Interestingly, Nintendo had already released a keyboard for the Famicom that plugged into the Famicom's expansion port.  This keyboard came with and was only used with the Family BASIC cartridges.  Family BASIC saved data to the the Famicom Data Recorder, a cassette recorder that plugged into the audio ports of the keyboard.  The cartridge contained only 32KB/8KB of ROM and 2KB or 4KB of battery backed RAM.  Nintendo could have had their console behave more like a "Family Computer" had they released a BASIC disk, but never did so.  Disk based storage is far more preferable to cassette based storage.

Most FDS-exclusive games came one disk, using two disk sides.  Many of the cartridge ports only required one side of a disk, leaving the other side free for a different game.  The PC-adventure style games were typically released in two parts with part 2 being released typically later than part one and require four disk sides.

One thing the FDS had going for it is Zelda no Densetsu : The Hyrule Fantasy (The Legend of Zelda overseas).  No console, let alone an add-on, could ask for a finer launch title.  Many game designers would be happy if they produced one bona-fide classic, but Shigeru Miyamoto produced his third indisputable masterpiece after Donkey Kong and Super Mario Bros with Zelda.  Zelda offered Famicom players a unique experience.  It had puzzles, tons of secrets, unique enemies, multiple items to equip and for the time what must have seemed like a gigantic world.  Yet though that world was large, it was finite and almost no two screens were exactly alike.  Unlike many other games, then and now, it did not force you to do things in strict sequence.  As icing on the cake, when you completed the game, there was a second, harder quest thrown in for free!

To me and many other non-Japanese NES fans, the most interesting aspect of Famicom Disk System games are the games that were ported to the NES.  Fortunately Nintendo released Zelda as its first battery-backup cartridge overseas.  It knew it had something special on its hands, and sought to impress people with a shiny gold box and cartridge.  Considering Zelda sold several million copies, they were literally on the money.

Zelda cartridge is a good port of Zelda FDS.  You loose the extra sound channel, but it is chiefly used during the intro and ending credits, like most other of Nintendo's FDS games that were ported to cartridge.  Nintendo did not seem to use the extra sound channel for music during gameplay but did use it for sound effects.  Sound effects like Link throwing his sword and the doors opening in Metroid sound much more impressive compared to their NES counterparts.

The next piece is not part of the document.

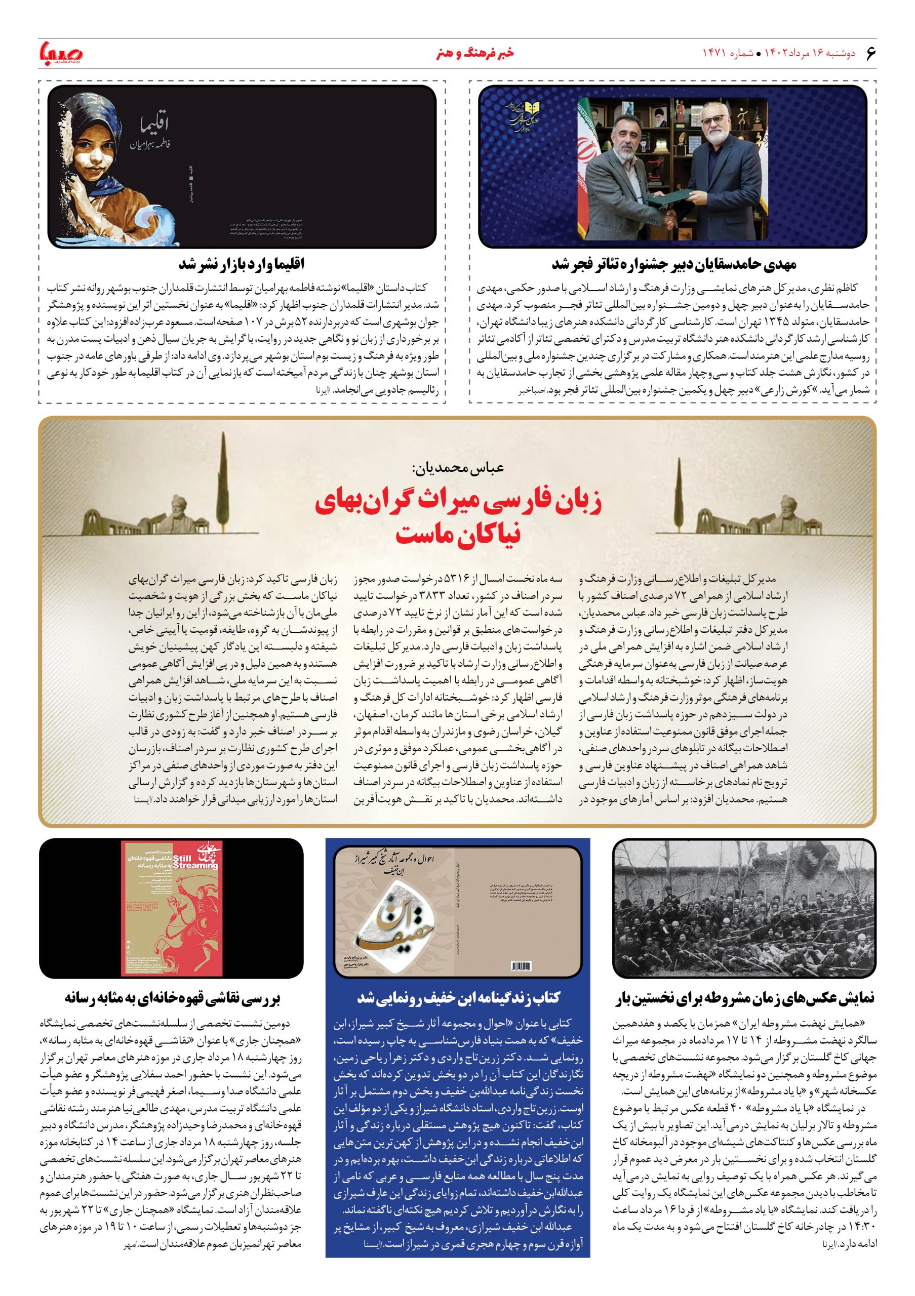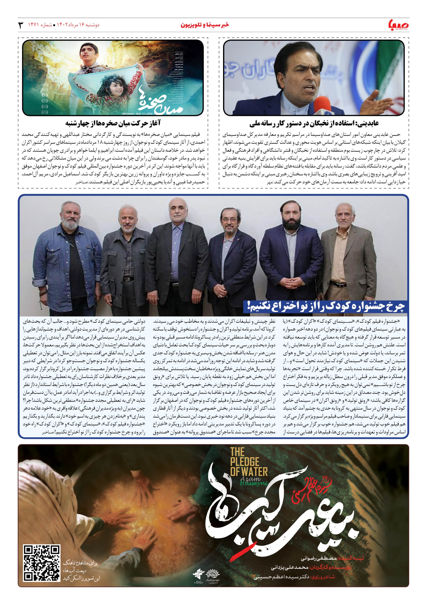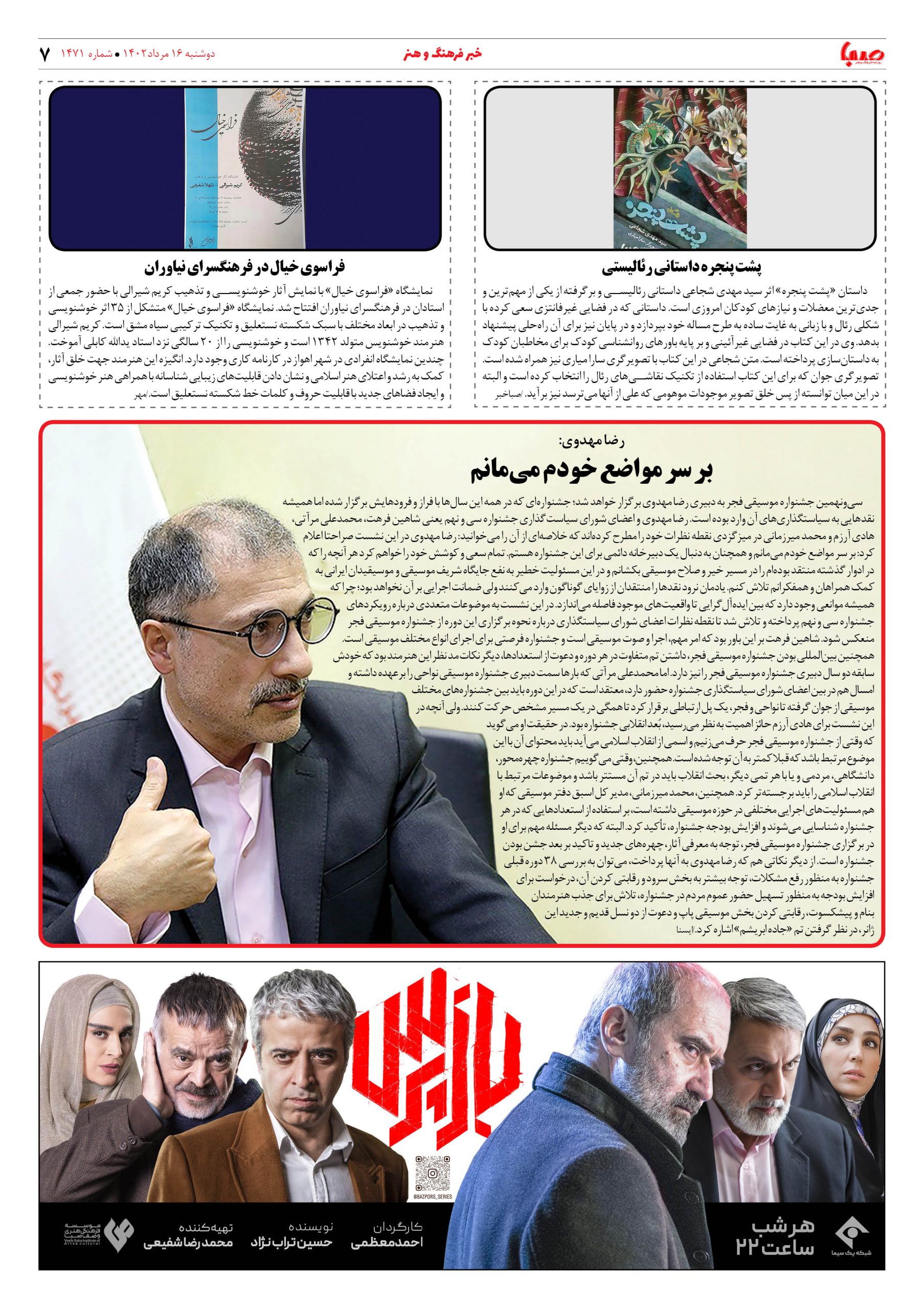 شماره۱۴۷۱| روزنامه صبا دوشنبه۱۶مرداد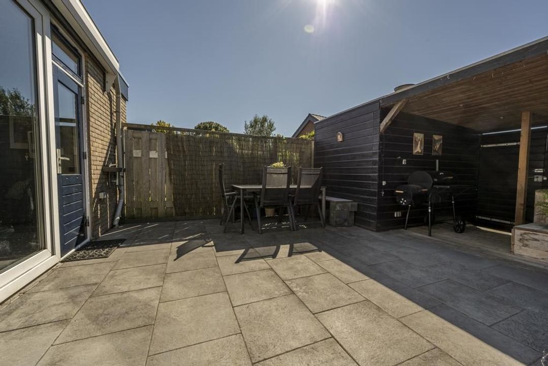 Via de achterom, die toegang biedt tot de houten berging met elektriciteit, kunt u gemakkelijk tuinspullen of fietsen opbergen.

When Nintendo ported Zelda to cartridge and released in July, 1987, they implemented a battery backed save mechanism.  The battery would keep an S-RAM in the cartridge powered so it would not lose its memory when the system was turned off.  It was the first NES cartridge released with a battery backed save.  The next battery backed cart would be Zelda 2, released in December, 1988.  Battery backed games were expensive, but far less common in the US than in Japan.  Of the roughly 750 US cartridges released during the NES's lifetime, only 56 had batteries.  By contrast, even though there were just over 1,050 Japanese Famicom cartridges, at least 200 had batteries.  Also, every FDS game had the potential to save.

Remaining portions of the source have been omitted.